Let me elaborate on Matt Young's comment and show, for a sufficiently small absolute constant $c>0$, $$ \sum_{d\leq z} \mu(d)\frac{\tau(d)}{d} \ll \exp(-c\sqrt{\log z}). $$ All references will be from Montgomery-Vaughan: Multiplicative number theory I.

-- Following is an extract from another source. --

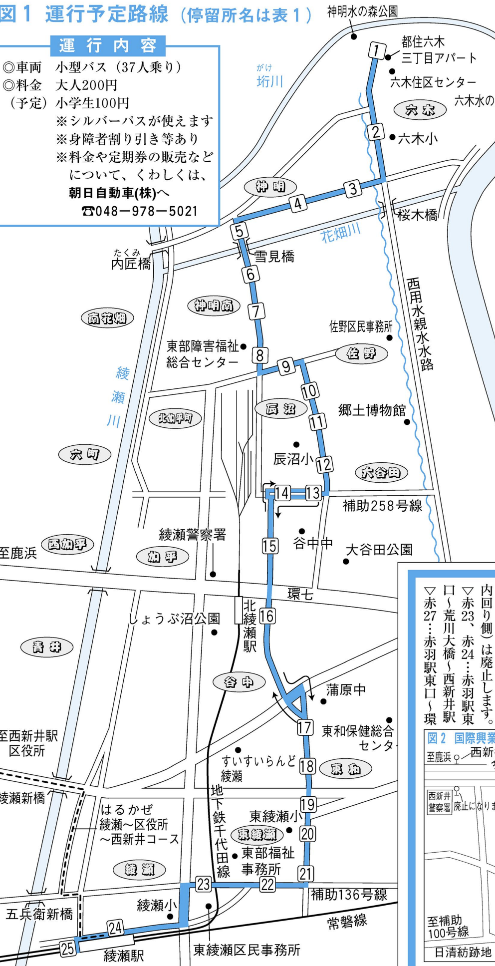
表1 はるかぜ停留所一覧

この路線により、綾瀬駅バスターミナルから東綾瀬小学校、東部障害福祉総合センターを経て、六木都住までの約6.5kmが約25分で結ばれます。

We can assume that $z>2$ is not an integer. The associated Dirichlet series $$ F(s):=\sum_{d=1}^\infty\mu(d)\frac{\tau(d)}{d^{s+1}} =\prod_p\left(1-\frac{2}{p^{s+1}}\right)=\frac{G(s)}{\zeta(s+1)^2} $$ is absolutely convergent in $\Re s>0$, and $G(s)$ is given by an absolutely convergent Euler product in $\Re s>-1/2$. In particular, $G(s)$ is holomorphic, bounded, and bounded away from zero in any half-plane $\Re s>-1/2+\epsilon$. By Perron's formula (Theorem 5.2 and Corollary 5.3), we have $$ \sum_{d\leq z} \mu(d)\frac{\tau(d)}{d} =\frac{1}{2\pi i}\int_{\sigma_0-iT}^{\sigma_0+iT}F(s)\frac{z^s}{s}dz+R, $$ where $T>0$ is arbitrary, $\sigma_0:=\frac{1}{\log z}$, and $$ R \ll \sum_{ z/2 < d < 2z } \frac{\tau(d)}{d} \min\left(1,\frac{z}{T|z-d|}\right) +\frac{1}{T}\sum_d\frac{\tau(d)}{d^{1+\sigma_0}}. $$ It is straightforward to estimate the right hand side to yield $$ R \ll z^{-\frac{1}{2}+\epsilon}+\frac{\log^2 z}{T}. $$ To see this, we estimate the first term as $$ \sum_{ z/2 < d < 2z } \frac{\tau(d)}{d} \min\left(1,\frac{z}{T|z-d|}\right) \ll z^{-\frac{1}{2}+\epsilon}+\frac{1}{T}\sum_{{z/2 < d < 2z}\atop{|z-d|>\sqrt{2z}}}\frac{\tau(d)}{|z-d|}$$ $$ \ll z^{-\frac{1}{2}+\epsilon}+\frac{1}{T}\sum_{ \ell < \sqrt{2z}}\frac{1}{\ell}\sum_{z/(2\ell) < m < 2z/\ell} \min\left(1,\left|\frac{z}{\ell}-m\right|^{-1}\right), $$ and for the inner sum we apply the argument on page 180 in the book. We shall use $T:=\exp(\sqrt{c\log z})$ for some small absolute constant $c>0$, so that $$ \sum_{d\leq z} \mu(d)\frac{\tau(d)}{d} =\frac{1}{2\pi i}\int_{\sigma_0-iT}^{\sigma_0+iT}F(s)\frac{z^s}{s}dz +O\left(\frac{\log^2 z}{T}\right).$$ Using Theorem 6.7 we can see that the integrand is holomorphic in the rectangle with vertices $\sigma_0\pm iT$ and $\sigma_1\pm iT$, for $\sigma_1:=-\frac{c}{\log T}$ and $c>0$ a small absolute constant. Moreover, we can estimate the integrand on the sides of the rectangle. Hence applying Cauchy's theorem and estimates as on page 181 of the book, we obtain $$ \sum_{d\leq z} \mu(d)\frac{\tau(d)}{d} \ll z^{-\sigma_1}(\log z)^3+\frac{\log^2 z}{T}.$$ The right hand side is $\ll\exp(-(c/2)\sqrt{\log z})$, proving the original claim.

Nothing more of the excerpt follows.